41.平穏、からの……?
結局、この日も学校は休むことにした。
行くべきかどうか割とぎりぎりまで悩んでいた時、志賀がある賭けを持ち出してきたのだ。
「熱を測ってみて、三十七度以上あったら休むということにしましょう」
賭けというよりは判断基準だが、測ってみたところちょうど三十七度だった。
しがみついてきた志賀を引きはがすのに何分か熱が上がったのではと思うが、確かにまだ万全ではない。微かな頭痛と気だるさはある。今日休めば連休という状況も最終判断を下す有力な材料にもなった。
「じゃあ俺は休むが、もう看病の必要はないからな。志賀は学校に行ってもいいんだぞ」
「やだなぁ先輩。今の先輩がどうやって三食用意する気ですか。まさか外出して総菜買いに行くとか言わないですよね?」
「最悪はそのつもりだったが、カップ麵の在庫もまだあったはずだ」
「ダ・メ・で・す。食欲あるなら今日はできるだけ栄養のあるもの食べないと。特にカップ麺なんてありえない寄りのありえないです。もし食べてたら永久に没収です」
明らかに過剰な権限を振りかざされ、大勢が決した。どうやら俺は今日も志賀の世話になるらしい。

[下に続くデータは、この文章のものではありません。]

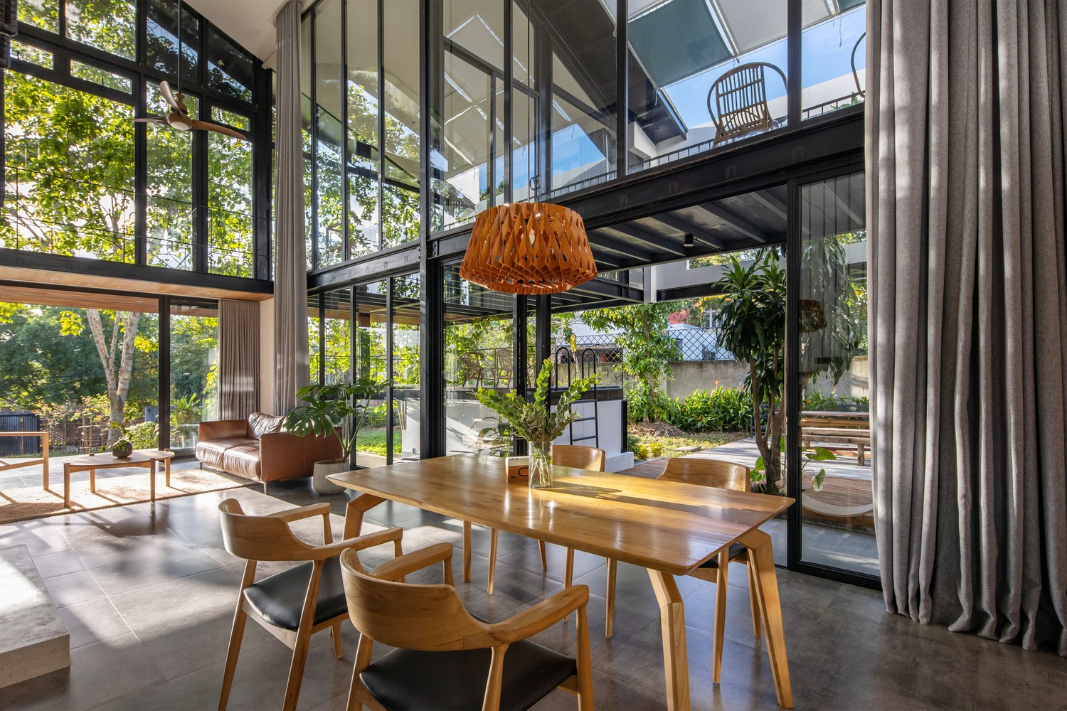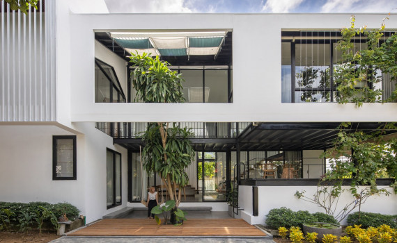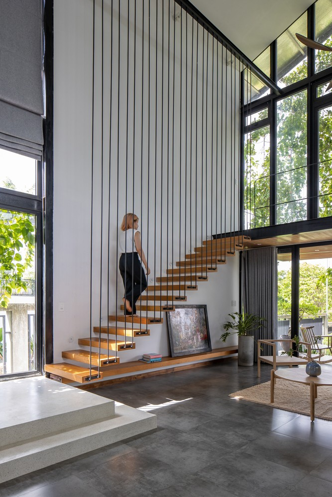 Khu vực bóng mát giữa tầng 2 và tầng lửng đóng vai trò như một vùng đệm không khí, giúp ngôi nhà được thông gió và làm mát.

とはいえ、昨日に比べれば幾分穏やかな一日だった。気分的には。
志賀は身支度や朝食の準備、軽く部屋の掃除を済ませると一旦自分の部屋に戻り、その後は買いものに出かけていた。
その間、俺は久しぶりに部屋で一人になったが、もう上体を起こしていても辛くはないため、いつも通り読書に耽った。昨日がほとんど眠りっ放しだったため頭がぼんやりしており、普段ほど集中できなかったがまったく本が読めないよりはマシだ。
ただし、帰ってきた志賀からは注意を受けた。
「細かい文字は疲れるからまだやめておいた方がいいと思いますけど。なんならまたあたしが読み聞かせしてあげてもいいわけですし」
時々母親みたいなことを言うのはなんだろう。女性特有の母性本能とかが関係しているのだろうか。

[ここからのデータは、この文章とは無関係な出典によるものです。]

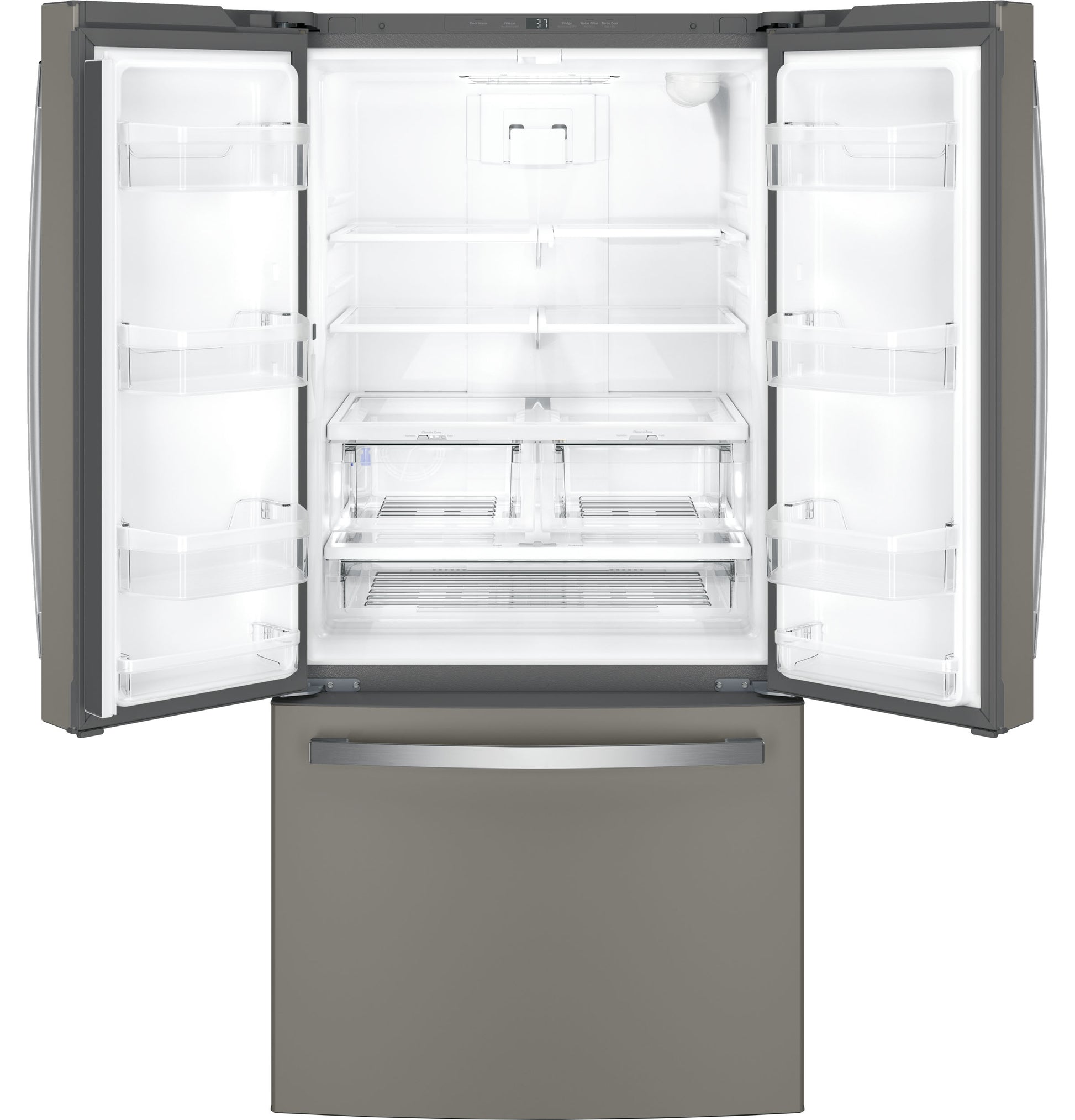 Temperature Management Features Multiflow Air System with Electronic Sensors, Turbo Cool setting Control Type Digital Temperature Display, Upfront Electronic Temperature Controls Icemaker Factory-Installed WiFi Connect Optional (Requires part no. PBX23W00Y0) Performance Features Easily Removable Door Gaskets Sabbath Mode Optional Filter Location Upper right corner Door Alarm Yes Freezer Storage Baskets 1 Full-Width, Full-Extension Plastic, 2 Total Freezer Cabinet Drawer Features Freezer Drawer Defrost Type Frost Guard Leveling System 2 Point Front Adjustable Fresh Food Cabinet Shelves 1 Quick Space Shelf, 4 Split Adjustable, 5 Total, Glass Fresh Food Door Bins 2 Fixed, 6 Adjustable with Gallon Storage, 8 Clear Look Freezer Features Ice Bucket, Interior Lighting - LED Exterior Style Counter-Depth Configuration French Door Refrigerant Type R600a Door Liner HIPS Dispenser Internal Water Fresh Food Features Fresh Food Cabinet Drawers 1 Full-Width, Adjustable Temperature Drawer, 2 Humidity Controlled Drawers, Multi-Level Drawers Water Filtration GE Water Filtration (XWFE Filter), Water Filter Indicator Light Product Type Bottom Freezer Refrigerator, Counter Depth Refrigerator, French-Door Refrigerator OU Certified OU/CRC Enhanced Shabbos Mode, when used with Shabbos Keeper, sold separately APPEARANCE

野菜中心の昼食を済ませたあと、午後は互いにゆったりとした時間を過ごした。
相変わらず俺は黙々と本を読み、志賀はスマホをいじりながら時々俺にたわいない話を振ってくる。
二人で部室にいる時と似たような雰囲気だが、今までほどウザったい感じがしないのはどうしてだろう。志賀がいる空間にすっかり慣れてしまったからかもしれない。それもそれで複雑な気分だった。
ともあれ、今日さえ何事もなく安静に過ごせば、明日からはまた日常に戻れるだろう――と思っていた矢先。
校時でいえばちょうど放課後になった頃、一つのメッセージが平穏を崩す。
【SAKI:体調はどう?】
スマホに表示されたのは、冴姫さんからのライン。
最近では珍しい、というか今年度に入ってからは初めてだった。今までは大体部室で会っていたし、そもそも冴姫さん自身、普段からあまりスマホを触らない人なのだ。
文面からして、俺が体調不良で休んでいることを知っているのだろうか。
【KU-TA:お疲れ様です。誰かから聞いたんですか】
【SAKI:小鳥遊先生からね。二日も休んでいると聞いたからどんな重症かなと思ったのだけど】
【KU-TA:ご心配をおかけしてすみません。ただの風邪です。今日も行けそうではあったんですが、念のためというか】
【SAKI:大丈夫そうなら安心したわ。そういえば、同じく小鳥遊先生から聞いたのだけど、あの子も風邪でお休みしているそうね】
あの子――それが誰なのか瞬時に理解し、喉の奥が少し詰まる。
【KU-TA:あの子?】
【SAKI:デブ研の新入部員、志賀愛羽さん。秋月君は知らなかったの?】
なんと答えたものか。
知らないと返せば嘘をつくことになる。別にそれでもいい気はするが、なんとなく嫌な予感がしないでもない。
俺が返事に悩んでいると、冴姫から続けざまにメッセージ。
【SAKI:まあいいけど。とりあえず、今からお見舞いに伺うから。秋月君、アパートにいるわよね?】
額に冷や汗が生じる。
嫌な予感が、現実に変わりそうなことを実感して。